• [Exercise objective]:
The pictures are to be dropped, and the records below are to be restated word for word.

• [Dataset extract]:
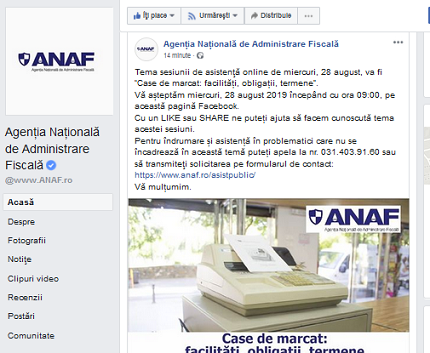 Pornind de la interesul foarte mare al problemei – tema sesiunii de asistenţă online de miercuri, 28 august, va fi „Case de marcat- obligații și termene”. In acest sens, ANAF vă așteptă miercuri, 28 august 2019 începând cu ora 09:00, pe pagina oficiala de Facebook a institutiei, dupa ce si saptamana trecuta (21.08.2019), dar si cu o saptamana inainte (14.08.2019) – s-a organizat astfel de sesiuni.
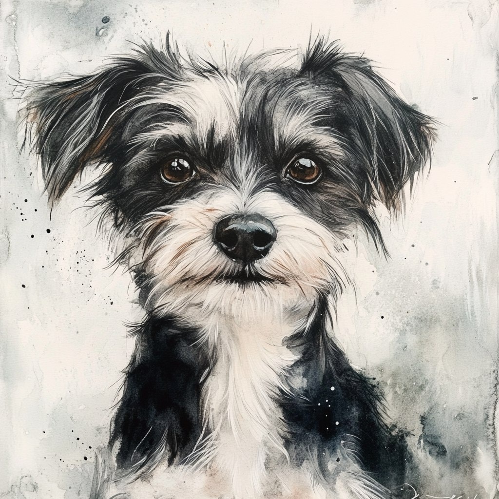 Создано на основе запроса: watercolor painting of a scruffy, wiry haired, black and white dog --- Автоперевод: акварельная картина грязного, проволочного, черно -белого собаки Красиво выглядит? 🤔 https://dzen.ru/id/65c0c65c86e4f837c27b24d7 #ИИ #AI #нейросеть #midjourney #art
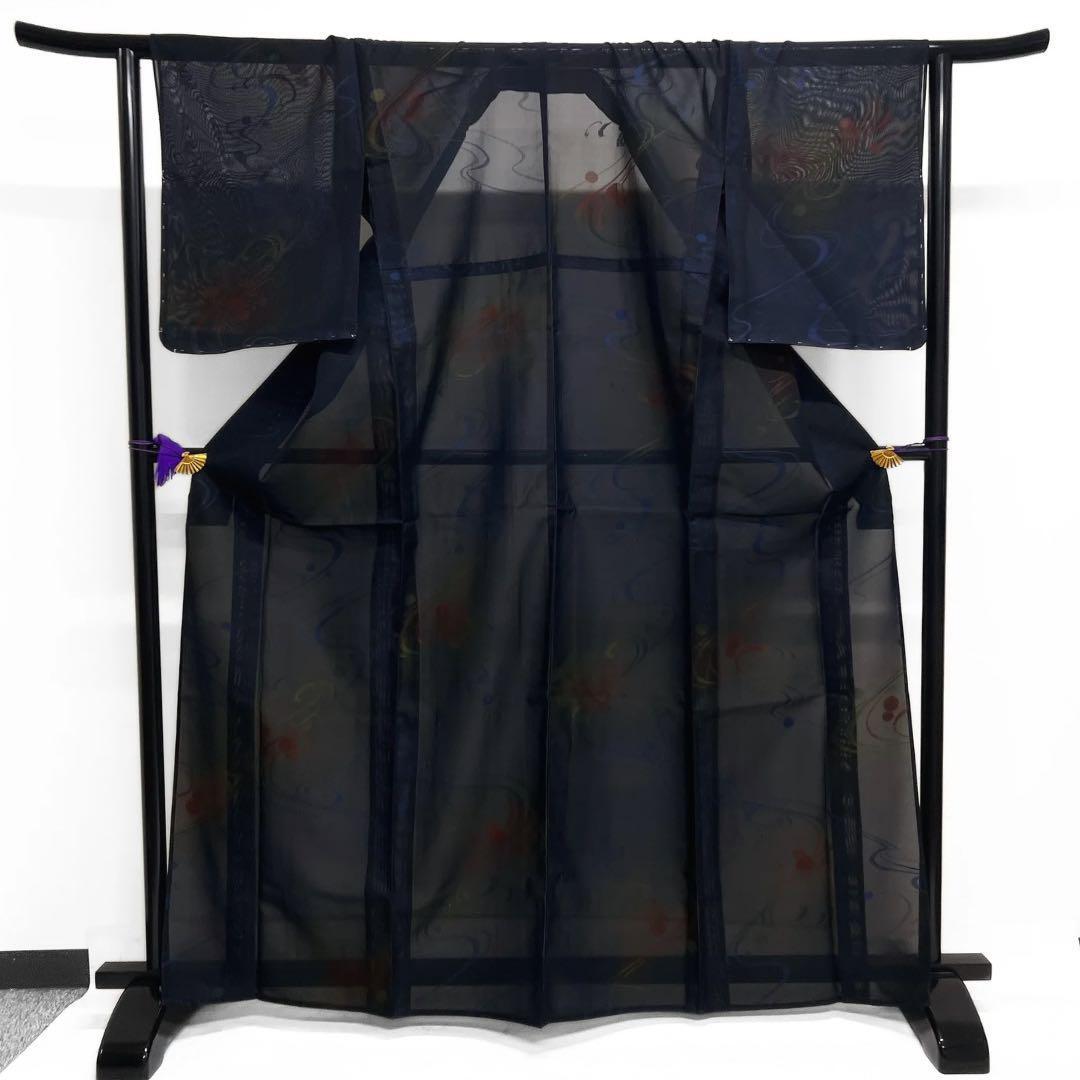 黒の表地にブルー、グリーン、オレンジのグラデーションのカラフルな裏地による二重紗で織られた流水にドットの文様が目を惹くお洒落な雰囲気の一着です。
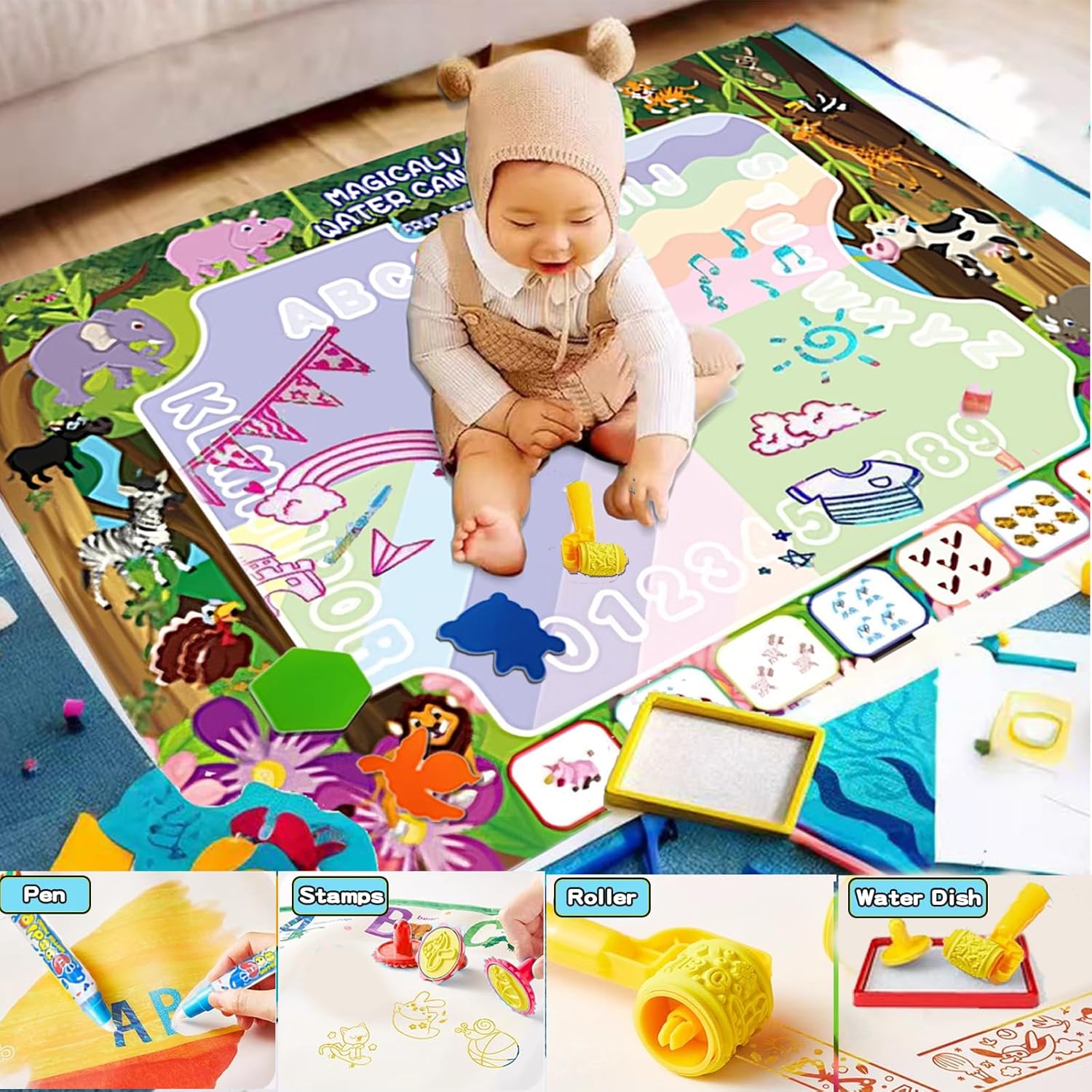 Water Doodle Mat - Magic Water Drawing Mat with Stamps, Roller & Backpack Big Enough Space for 2-3 Kids to Draw Together | No Mess Travel Toy Gift for 3 4 5 6 7 8 Year Old Girls Boys
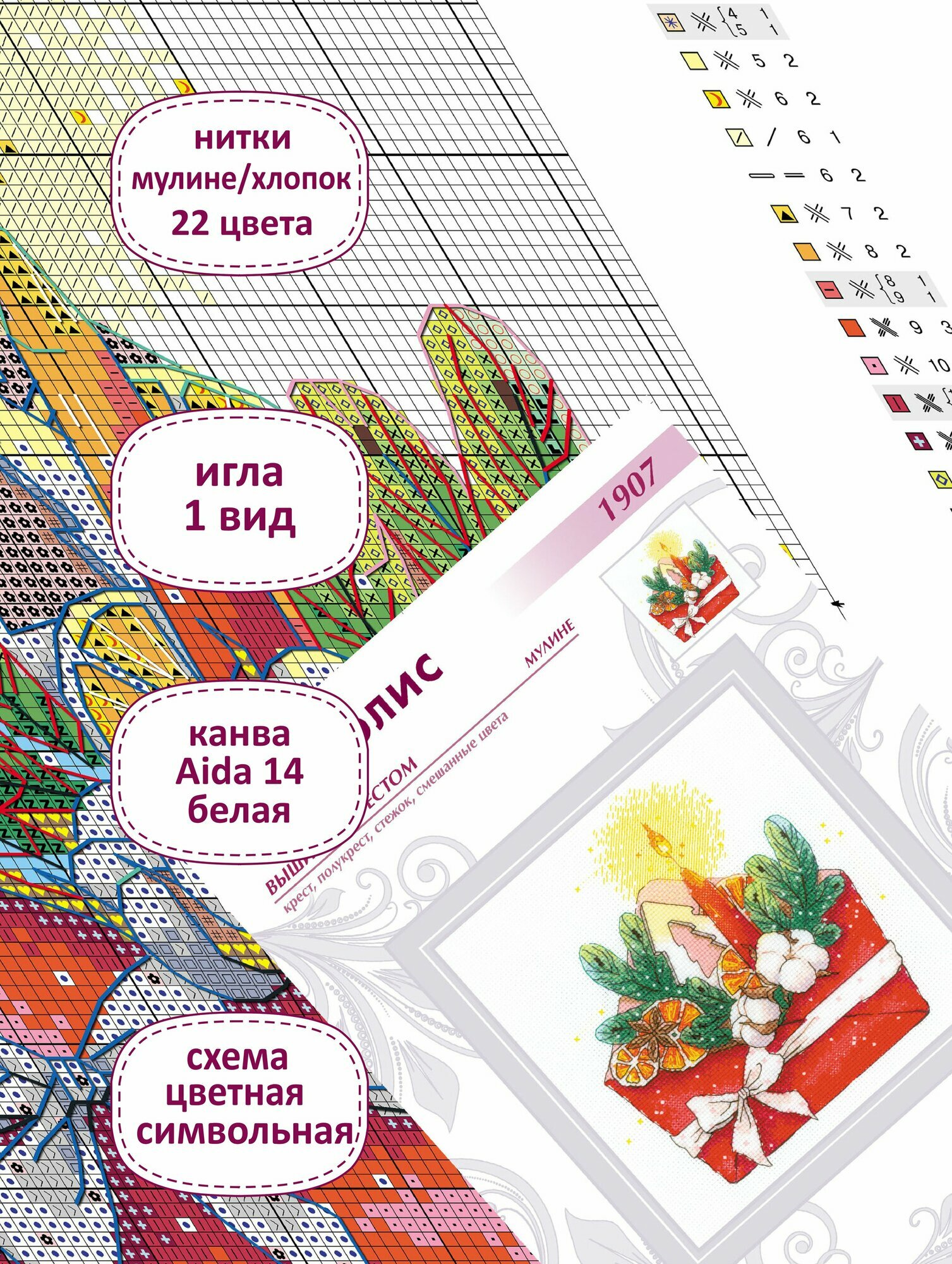 | В набор входит | канва Aida 14 Zweigart белого цвета, мулине Anchor, цветная символьная схема, игла, инструкция |
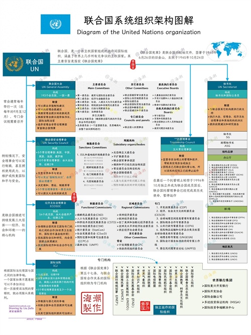 联合国安全理事会:负责维护国际和平与安全。安理会由15个成员国组成,其中5个是常任理事国(美国、英国、法国、俄罗斯、中国),它们拥有一票否决权,另外10个非常任理事国。非常任理事国由联合国大会选举产生,任期两年。安理会和联合国大会最不一样的地方在于,安理会有权采取强制性措施,安理会的决议所有会员国都必须遵守——包括经济制裁和军事干预。(安理会决议代表了五大国的共识,不遵守就是挑战地球五大国权威,后果相当严重)。
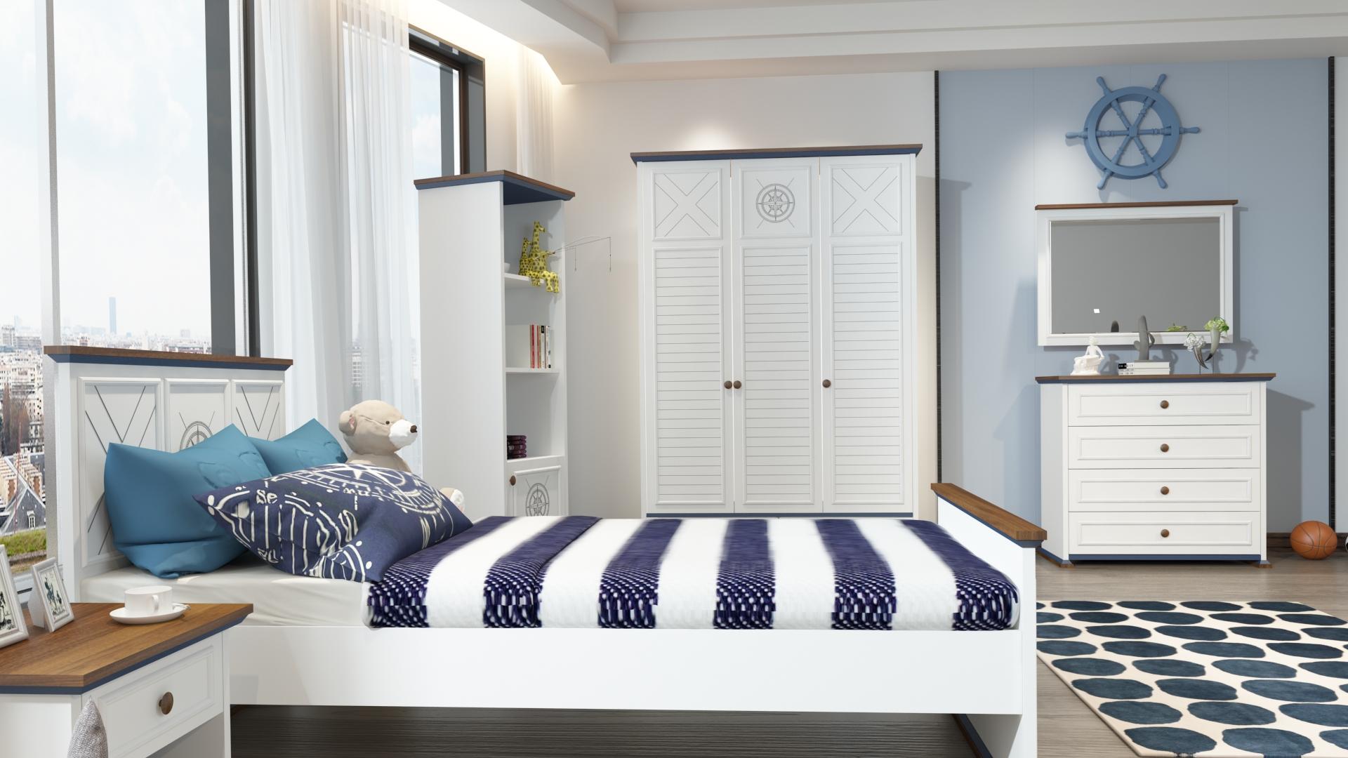 Schlafzimmermöbel-Set Bett mit Nachttisch, Kleiderschrank und Schreibtisch

• [Response to this task]:
 Pornind de la interesul foarte mare al problemei – tema sesiunii de asistenţă online de miercuri, 28 august, va fi „Case de marcat- obligații și termene”. In acest sens, ANAF vă așteptă miercuri, 28 august 2019 începând cu ora 09:00, pe pagina oficiala de Facebook a institutiei, dupa ce si saptamana trecuta (21.08.2019), dar si cu o saptamana inainte (14.08.2019) – s-a organizat astfel de sesiuni.
 Создано на основе запроса: watercolor painting of a scruffy, wiry haired, black and white dog --- Автоперевод: акварельная картина грязного, проволочного, черно -белого собаки Красиво выглядит? 🤔 https://dzen.ru/id/65c0c65c86e4f837c27b24d7 #ИИ #AI #нейросеть #midjourney #art
 黒の表地にブルー、グリーン、オレンジのグラデーションのカラフルな裏地による二重紗で織られた流水にドットの文様が目を惹くお洒落な雰囲気の一着です。
 Water Doodle Mat - Magic Water Drawing Mat with Stamps, Roller & Backpack Big Enough Space for 2-3 Kids to Draw Together | No Mess Travel Toy Gift for 3 4 5 6 7 8 Year Old Girls Boys
 | В набор входит | канва Aida 14 Zweigart белого цвета, мулине Anchor, цветная символьная схема, игла, инструкция |
 联合国安全理事会:负责维护国际和平与安全。安理会由15个成员国组成,其中5个是常任理事国(美国、英国、法国、俄罗斯、中国),它们拥有一票否决权,另外10个非常任理事国。非常任理事国由联合国大会选举产生,任期两年。安理会和联合国大会最不一样的地方在于,安理会有权采取强制性措施,安理会的决议所有会员国都必须遵守——包括经济制裁和军事干预。(安理会决议代表了五大国的共识,不遵守就是挑战地球五大国权威,后果相当严重)。
 Schlafzimmermöbel-Set Bett mit Nachttisch, Kleiderschrank und Schreibtisch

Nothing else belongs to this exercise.